I, personally, have no idea, and maybe an approximation would not be adequate for this, but that's the only thing i can offer 
An American friend of mine who has lived with Koreans in America tells me that the would say: *a mhe li kan*   or  *a mhe li ken*    (dipending on how similar to the English sound they want to do it). The "mhe" stays for a "me" with a slightly longer "e".
I cannot provide you a phonetic spelling, but i can tell you that these vowels would probably be more similar in pronunciation to the Italian or Spanish ones than to the English ones.
Unfortunately, nothing of this is for sure. I hope some Korean will see this thread and be able to give you a more accurate answer.

L.


----------



## yngnhe

Hello, i am from Korea, and i think i know how Korean speaks. They first speak the vowels long ,as A- Mhe-li -Kaaaaan. I don't know why but it's the way how Korean speak Korean too. sometimes people say A-Mhe-li-GGan.
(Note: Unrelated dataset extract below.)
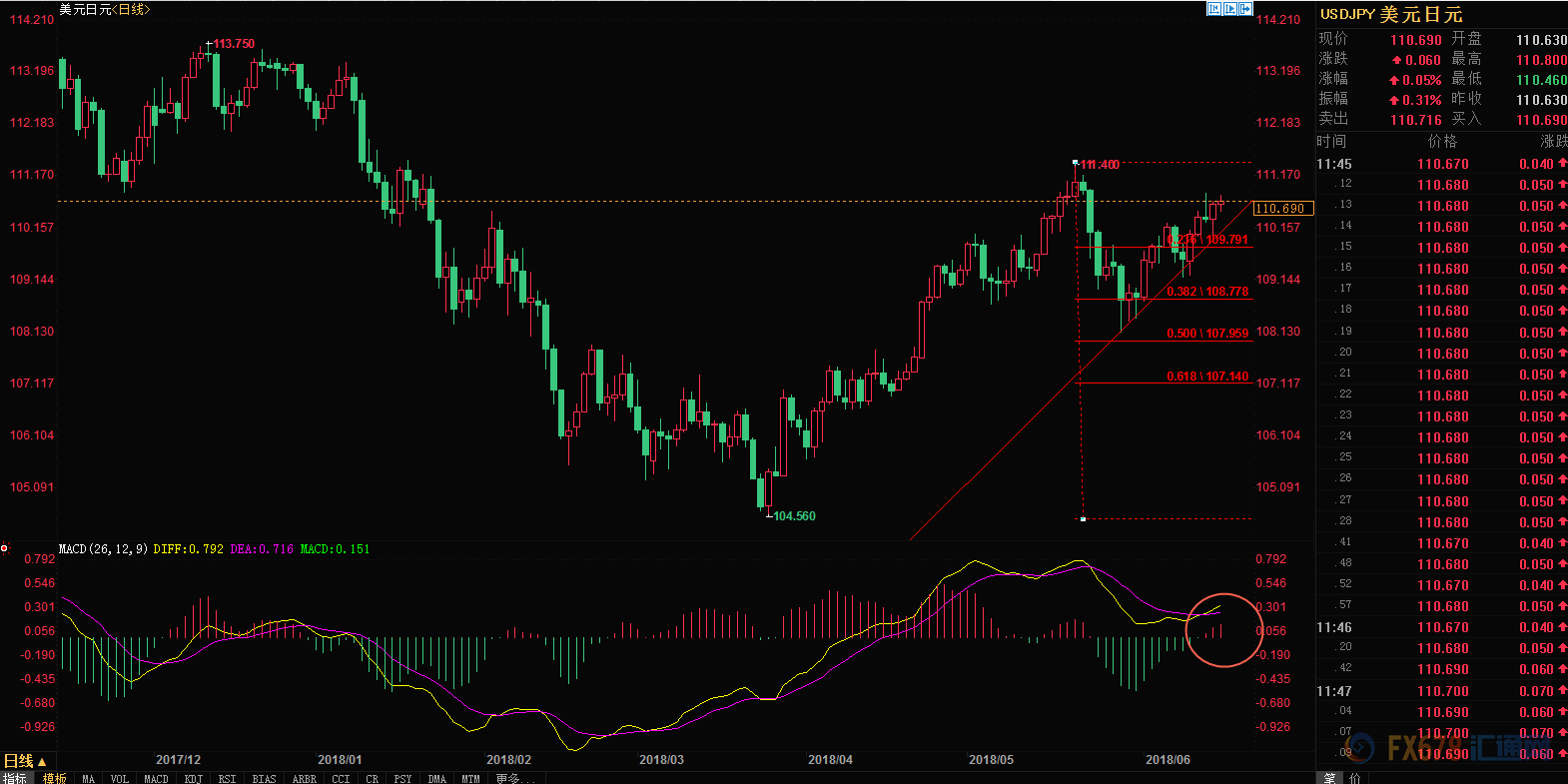 技术上看,在触碰0.382的调整位置附近后,美元兑日元开启了新一波上涨,目前MACD金叉,红柱放大,续创新高可能只是时间问题。

I hope it helped you


----------



## hye young

hmm...I have a slightly different opinion.
American : ah-meh-ri-kahn 아메리칸
America : ahmehrikah 아메리카
I think the two above are more proper ways to spell it phonetically. But there is a difference when you pronounce -ri-. Because in Korean, it is not exactly 'r' nor 'l'. But if I have to spell it in English alphabet I'd choose 'r' because we *don't* really say like ah-meh-*Li*-kahn. And moreover, there shouldn't be any pause in pronouncing the word. I mean, we just pronounce it phonetically equally. (no stresses, no longer vowels)


----------



## Polak2008

미국 사람.
miguk saram.


----------



## javiskefka

I know of a website that may be helpful for your purposes.  I would post a link to it, but it seems that I need to prove that I'm not a robot first to gain the privilege.  Search the web for: Korean Accented English Pronunciation Simulator.

The website gives a background on Korean-English interlanguage phonetics and provides a means for simulating the pronunciation of English words by native Korean speakers of various levels of proficiency.


----------